Although broadband services are often referred to as “unlimited”, it is usually a good idea to be informed of how download limits work (not least because in practice many plans are not really unlimited). This is especially true for some kinds of broadband, such as mobile broadband. So it is worthwhile to be up to speed on how limits are calculated, what the different practices and limits are for different types of broadband, and what the ramifications are for exceeding the broadband limits that might be part of your contract.
The first thing to bear in mind is that the terms used to measure broadband speeds usually are not identical to the terms used to measure the amount of data used. There is a distinction between a bit and a byte – bytes are usually what customers think in terms of, while bits are used by engineers when speaking of performance. So your monthly allowance is dealt with in bytes, but since broadband speed is a closely related to overall network performance, it is discussed in terms of bits by both the provider’s engineers and also for the consumer in advertising. You might have a 20Mb (megabit) connection speed with a 100MB (megabyte) per month download limit, for example.

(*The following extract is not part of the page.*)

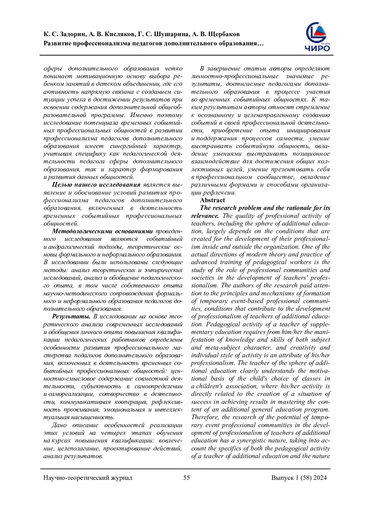Проблема исследования и обоснование ее актуальности. Качество профессиональной деятельности педагогов, в том числе сферы дополнительного образования, во многом зависит от условий, которые создаются для развития их профессионализма внутри организации и за ее пределами. Одним из актуальных направлений современной теории и практики повышения квалификации педагогических работников является изучение роли профессиональных сообществ и общностей в развитии профессионализма педагогов. В исследовании авторы уделили внимание принципам и механизмам формирования временных событийных профессиональных общностей, условиям, способствующим развитию профессионализма педагогов дополнительного образования. Педагогическая деятельность педагога дополнительного образования, требует от него проявления знаний и умений как предметного и метапредметного характера, а творчество и индивидуальный стиль деятельности является атрибутом его профессионализма. Педагог сферы дополнительного образования четко понимает мотивационную основу выбора ребенком занятий в детском объединении, где его активность напрямую связана с созданием ситуации успеха в достижении результатов при освоении содержания дополнительной общеобразовательной программы. Именно поэтому исследование потенциала временных событийных профессиональных общностей в развитии профессионализма педагогов дополнительного образования имеет синергийный характер, учитывая специфику как педагогической деятельности педагога сферы дополнительного образования, так и характер формирования и развития данных общностей. Целью нашего исследования является выявление и обоснование условий развития профессионализма педагогов дополнительного образования, включенных в деятельность временных событийных профессиональных общностей. Методологическими основаниями проведенного исследования являются событийный и андрагогический подходы, теоретические основы формального и неформального образования. В исследовании были использованы следующие методы: анализ теоретических и эмпирических исследований, анализ и обобщение педагогического опыта, в том числе собственного опыта научно-методического сопровождения формального и неформального образования педагогов дополнительного образования. Результаты. В исследовании на основе теоретического анализа современных исследований и обобщения личного опыта повышения квалификации педагогических работников определены особенности развития профессионального мастерства педагогов дополнительного образования, включенных в деятельность временных событийных профессиональных общностей: ценностно-смысловое содержание совместной деятельности, субъектность в самоопределении и самореализации, сотворчество в деятельности, коммуникативная кооперация, рефлексивность проживания, эмоциональная и интеллектуальная насыщенность. Дано описание особенностей реализации этих условий на четырех этапах обучения на курсах повышения квалификации: вовлечение, целеполагание, проектирование действий, анализ результатов. В завершение статьи авторы определяют личностно-профессиональные значимые результаты, достигаемые педагогами дополнительного образования в процессе участия во временных событийных общностях. К таким результатам авто

The amount of data used by different types of internet use vary widely, more than you might think. An email will only use a few KB in many cases, while a long HD movie could use a few hundred thousand times more than that (around 2GB). It’s very easy to see the common data requirements of different usages by searching online, for example the average song is about 3MB.
Download limits can be particularly relevant for those who stream HD content often. Even with a high speed mobile broadband service that allows downloading of movies quickly, mobile broadband usually has a limit applied so in many cases you will use up your available data for the month if you download a few movies in HD.
Many providers advertise unlimited broadband, but then have various fair usage policies which if infringed upon will activate warning, usage caps, usage throttling or even service cancellation.
While this seems unfair if the broadband is advertised as “unlimited”, in reality this means that normal use is unlimited so there will be no barriers if you are using it within these “normal usage” boundaries. The reason that this is not so unfair is that due to the nature of broadband connections where one users service will be negatively impacted in the event that another exceeds the normal threshold of usage. To provide a satisfactory service to all customers, there needs to be caps on how much resources are taken up by any one user.
The provider will initiate warnings, speed throttles, or monthly lowered caps if the user exceeds the fair usage policy regularly. It is therefore important to consult the terms and conditions when signing up for a new subscription
While it is hard to exceed the fair usage policies of mobile broadband services in most cases, this is not true for mobile broadband (in particular prepaid), since the networks are under higher pressure so there are therefore lower thresholds for exceeding the limits.
Another risk especially with bill pay phones is that you will be charged a higher rate for every MB you use above your allowance. His can really add up. Prepaid mobile broadband is not as cost effective in normal circumstances but precludes the risk of high surcharges (if you’re credit is gone then your service stops automatically).